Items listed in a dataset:
********************
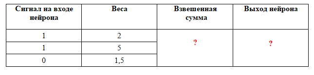 - Взвешенная сумма = 6,5, Выход нейрона = 1
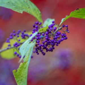 ムラサキシキブがモミジの紅葉を背景に、しっかり色づいていました。小鳥さんたちが啄ばむ前に撮りました。2024.12.05.
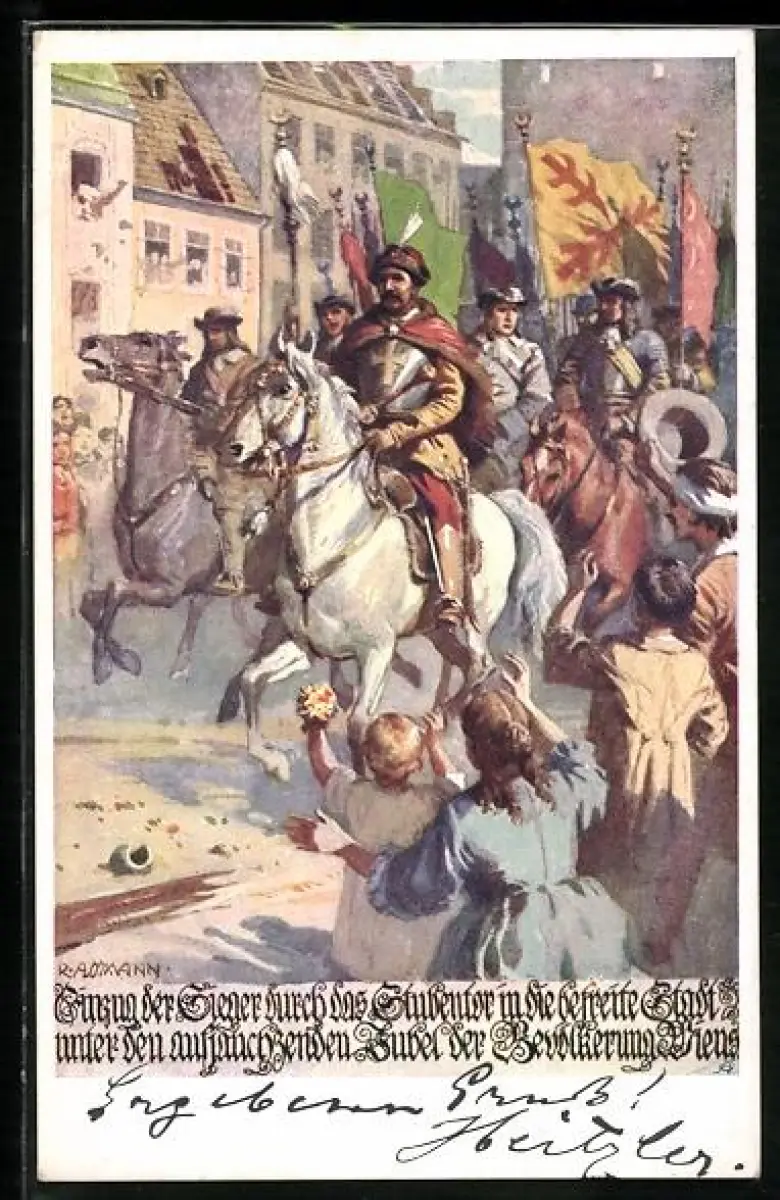Künstler-AK Richard Assmann: Einzug der Sieger in die befreite Stadt, türkische Belagerung
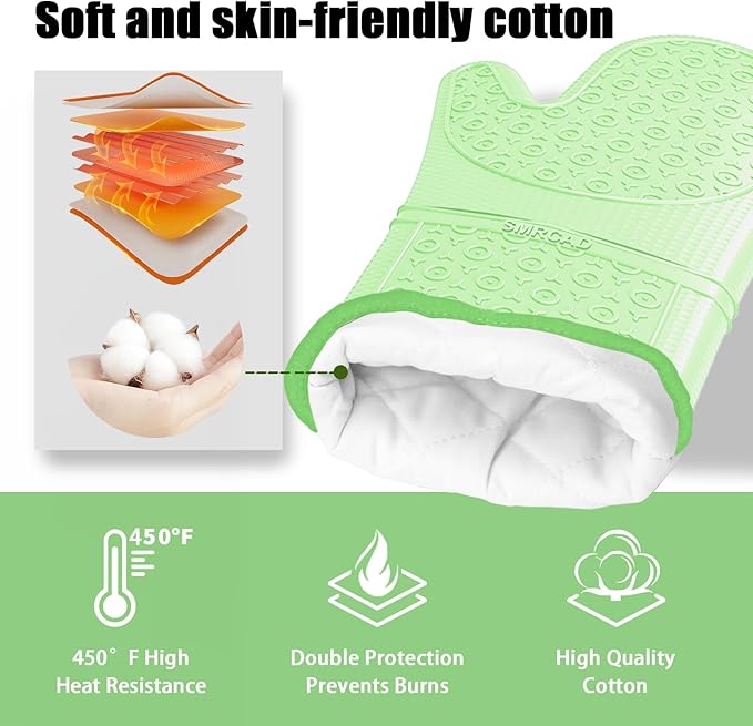 - 【Cleaning Champion】: If you always dread the greasy, sauce-soaked aftermath of baking. But these mitts? They just laugh in the face of culinary chaos. A quick wipe with a damp cloth or rinse with a little soapy water and any food just rinses right off. they're good as new, no stains, no lingering aromas. They're basically the dishwasher of the oven mitt world.
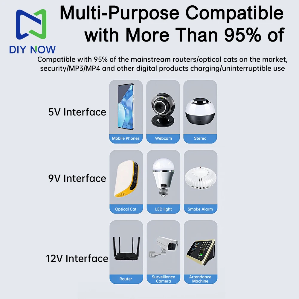 AC85-265V DC1018L Router 5V9V12V Fiber Optic Modem Monitoring Backup Ups Uninterruptible Power Supply For 18650 Lithium Battery
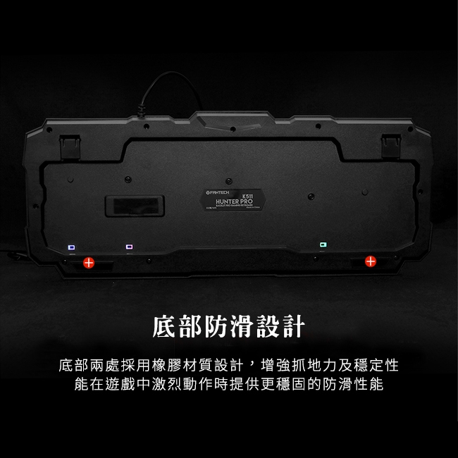 底部兩處採用橡膠材質的防滑設計,增強抓地力並在遊戲中激烈動作時提供更穩固的防滑性能。
********************
### Work task
Pictures stay out; reproduce exactly the lines from the one containing "- 【Cleaning Champion】: If" through the end of the data.

### The completed task
 - 【Cleaning Champion】: If you always dread the greasy, sauce-soaked aftermath of baking. But these mitts? They just laugh in the face of culinary chaos. A quick wipe with a damp cloth or rinse with a little soapy water and any food just rinses right off. they're good as new, no stains, no lingering aromas. They're basically the dishwasher of the oven mitt world.
 AC85-265V DC1018L Router 5V9V12V Fiber Optic Modem Monitoring Backup Ups Uninterruptible Power Supply For 18650 Lithium Battery
 底部兩處採用橡膠材質的防滑設計,增強抓地力並在遊戲中激烈動作時提供更穩固的防滑性能。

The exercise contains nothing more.